Just now he felt he needed company: company that was not hers. For company could supply him with something to ease his pain, in exchange for the coins he had in his purse. That was the function of company, if it was not to be the company of his peers.

He saw mostly Bee-kinden there, some outpost of Dirovashni with a couple of piers extending into the Exalsee and a living based on fishing. There was a taverna, though. That was enough. It was a rough, unfinished sort of place – no tables and nowhere to sit but empty kegs.
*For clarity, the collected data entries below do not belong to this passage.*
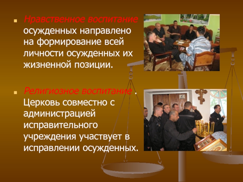 Слайд 11Нравственное воспитание осужденных направлено на формирование всей личности осужденных их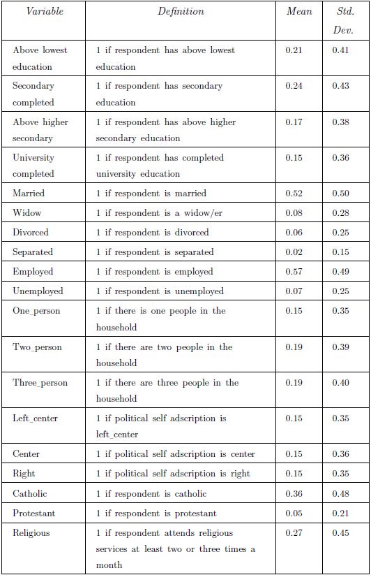 Ordered response models are the standard way of modeling subjective well-being estimations. In such models, individuals make an evaluation of their utility and classify it under one of the categories at their disposition. Results using ordered models have been proved to be close to the results derived from OLS regressions when the dependent variable range over a large scale, which is not our case, since we have only four values. For our study, we therefore favor ordered response models (for an overview of methods and implications, see Ferrer-i-Carbonell and Frijters, 2004).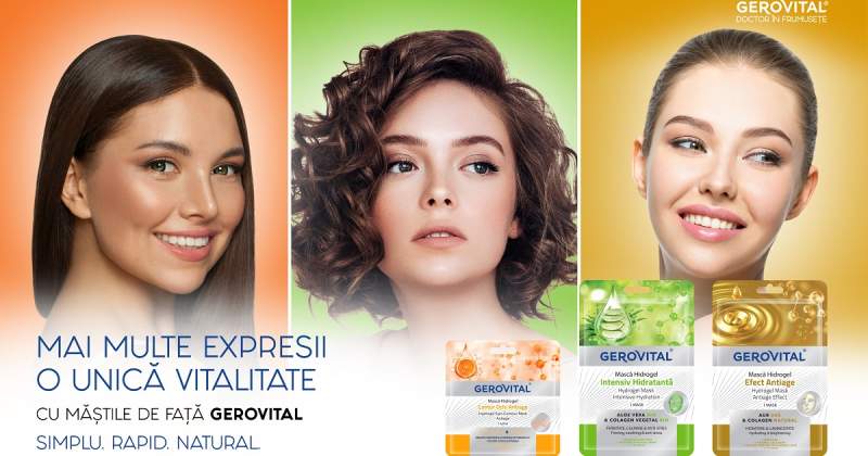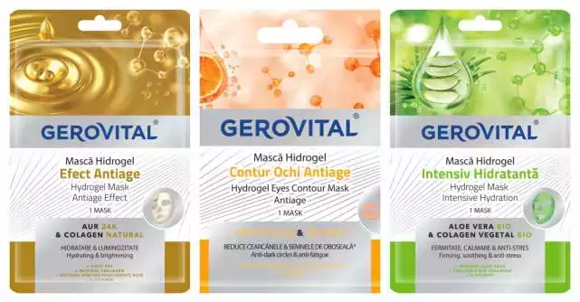 Noile măști Gerovital sunt produse inovatoare, realizate cu tehnologia DermoScience Cryo Effect, un hidrogel special care, prin conținutul optim de ingrediente active de origine naturală, ajută la menținerea și îmbunătățirea aspectului pielii. Inspirate de experiența în produse anti-îmbătrânire a brandului Gerovital, cele trei produse dedicate tenului și ochilor sunt potrivite pentru orice vârstă, pentru un plus de hidratare și un moment de răsfăț.

Three Solarnese were playing a game of cards in one corner, and a Spider sat by herself, clad in armour of silk and tarnished scales, a rapier sheathed at her hip.

The taverner was a squat Bee woman, blind in one eye, and she regarded Totho nervously, already sensing trouble brewing.

‘Wine.’ Totho threw a coin at her, close enough to make her duck. It was gold, though – a central from the Helleren mint. It would keep his bowl full for a while.

His halfbreed follower was still loitering at the door, but Totho was waving for a refill before she deigned to find a patch of ground to call her own. The taverner assailed her immediately – even the dirt on the floor was for paying customers only.

She had no coin. Perhaps she was someone’s slave, after all. That made so much more sense than anything involving Che. Just another halfbreed slave cast adrift on the shores of the Exalsee. He
wanted
her to have some commonplace unhappy story, and all the rest of it to be mere delusion.

‘Oi, woman,’ Totho waved another coin at the proprietor. ‘Let her drink. Why not?’ He was desperately hoping that if he treated Maure like a deranged beggar for long enough, she would turn out to be nothing more than that.

That settled that, and he took the chance to drain his bowl and hold it out again. He was not much of a drinker. He had never had the means when he was a student, and later there had always been his work. A drunken artificer was a creature of little use to anyone. Drephos, of course . . . oh, Drephos never touched a drop. He was . . . he had been drunk on his own brilliance.

Totho felt the cracks start, inside, where the armour could not protect him.

A beautiful abomination, Drephos had been: never to be repeated or to be equalled. A man who cared nothing for kinden or the purity of blood, but for merit only. He had put Collegiate Masters to shame with his egalitarian attitudes. If you
could
, if you were a brother or a sister of the engine and the gear train, the refining vat and the forge, then you had worth to Drephos, no matter what else.

And, in the end, even the Empire had broken its rules for him. Firstly in creating the rank that he had borne, and secondly in storming an entire city for fear of him.

Totho drank because he had been told that men drank to forget, or for consolation, or to dissolve away all those rational, soluble parts that knew guilt and regret. Each fresh mouthful only brought all those things to the fore of his mind, though. He found no oblivion waiting at the bottom of the bowl.